Provides a good opportunity for investors who want strong dividend income with established Canadian companies, but don't want a lot of risk. Top holdings are in pipelines, banks, utilities and telecoms. Still down 14% YTD, so represents a good buying opportunity. High quality companies. Low MER. Yield is 5.64%.


----------



## agent99 (Sep 11, 2013)

I would check the break-down of the distribution yield. At that rate, it likely includes a fair amount of ROC. Not taxed as dividend income if in a taxable account. ROC amount may depend on market growth and options trading. Looks like it might have been about 86% dividends in past years, which is not bad, I guess. 
If you already own some of the major stocks the fund owns, then maybe adding to those would provide the income you desire and you are then in control of just what you own.

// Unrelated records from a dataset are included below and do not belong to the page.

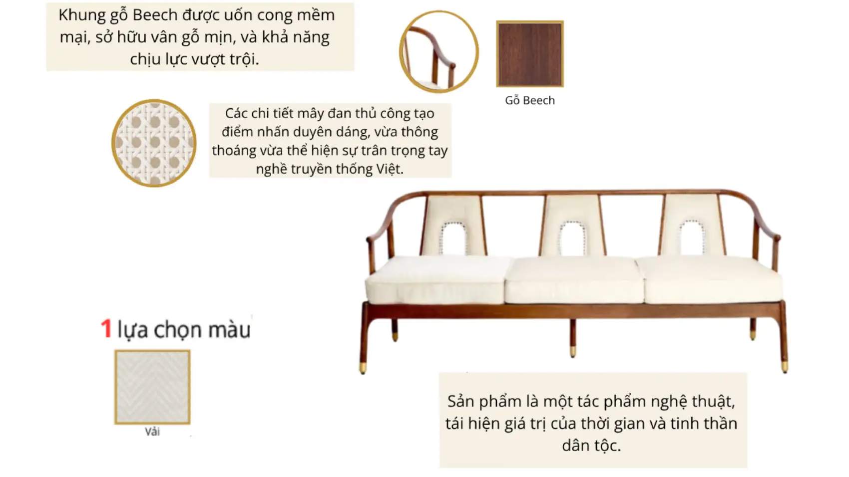 Bộ sofa Hùng King 3 chỗ với thiết kế thanh lịch, hòa quyện giữa vẻ đẹp tự nhiên của gỗ beech và sự mềm mại của nệm, mang đến không gian tiếp khách tinh tế, đẳng cấp. Điểm nhấn của dòng sofa này là sự kết hợp giữa công năng và thẩm mỹ, tạo nên nét đẹp sang trọng và ấm cúng cho không gian sống của bạn.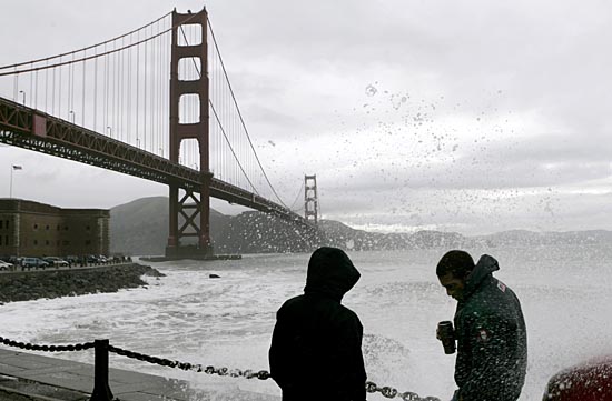 5日,在美國加利福尼亞州的舊金山,兩名男子站在金門大橋旁的岸邊上?耧L、暴雨和大雪4日至5日席卷加利福尼亞州,導致一些地區(qū)面臨洪水和泥石流威脅。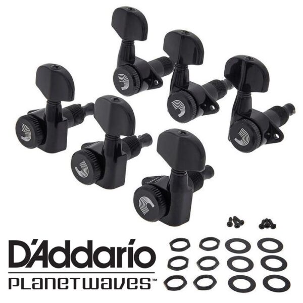 D’Addario© PWAT-332L ลูกบิดกีตาร์โปร่ง สีดำล้วน มีกลไกตัดสายส่วนเกิน + แถมฟรีน็อตและวงแหวนรอง (Auto-trim Locking Tuning Machine Heads)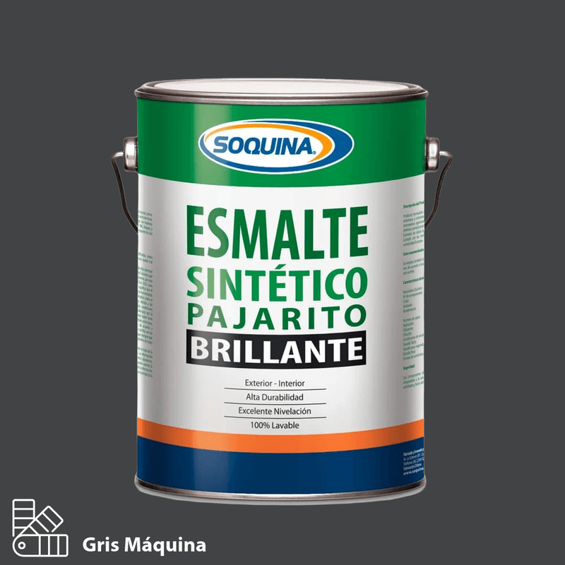 El Esmalte Sintético Pajarito Gris Máquina de Soquina, código 20009601, es una pintura de acabado brillante formulada con resinas alquídicas que brindan excelente adherencia, cubrimiento y durabilidad. Diseñada para proteger y decorar superficies de madera y metal en interiores o exteriores, ofreciendo una terminación uniforme y resistente.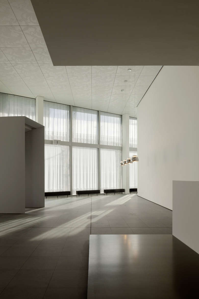 Interior heating and cooling occurs through a paneled ceiling system that utilizes concrete core activation and concealed air ventilation. These 1.35 x 1.35 m panels are composed of ‘crumpled’ steel sheets into which a three-dimensional pattern, derived from traditional ornamentation of Swiss chalet eave, has been stamped, which introduces a larger scale to the interior office spaces by decreasing the amount of visible ceiling seams. Micro-perforations in the panels maintain ventilation, allowing for no visible interior air ducts and the placement of an acoustically absorbing sheet on the back of each.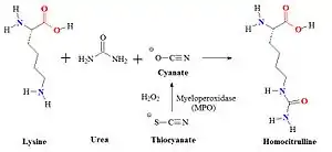 Myeloperoxidase released from neutrophils converts thiocyanate to cyanate which carbamylates lysine residues to form homocitrulline. Thiocyanate (SCN−) is a naturally occurring pseudohalide found in dietary sources. Myeloperoxidase can use SCN− as a cosubstrate together with hydrogen peroxide (H2O2) to form cyanate. In patients with kidney dysfunction urea is elevated. Urea is in equilibrium with cyanate and isocyanate. Carbamylation of nucleophilic amino groups, for example lysine residues, can modify protein structures and ultimately cause metabolic dysfunctions.

I read somewhere recently, that equity ETFs and especially index funds are a way fund companies can market the good with the junk. So maybe look at what this fund holds beyond the top 10 they show on their site.


----------



## scorpion_ca (Nov 3, 2014)

A picture is worth a thousand word....


----------



## james4beach (Nov 15, 2012)

scorpion_ca said:


> A picture is worth a thousand word....


Actually this isn't specific to XEI. Just about all dividend ETFs in Canada and the US have underperformed the index over recent years.

Of the various dividend ETFs though, I believe that *CDZ* has done the best at keeping up with the benchmark index performance. CDZ is also better diversified than XEI, so if I really had to buy a dividend ETF, that's what I'd buy.

Strictly speaking though, a person would be better off just holding the benchmark index XIC and selling amounts as needed to generate their own "dividend". This is also more tax efficient.


----------



## james4beach (Nov 15, 2012)

(delete duplicate)


----------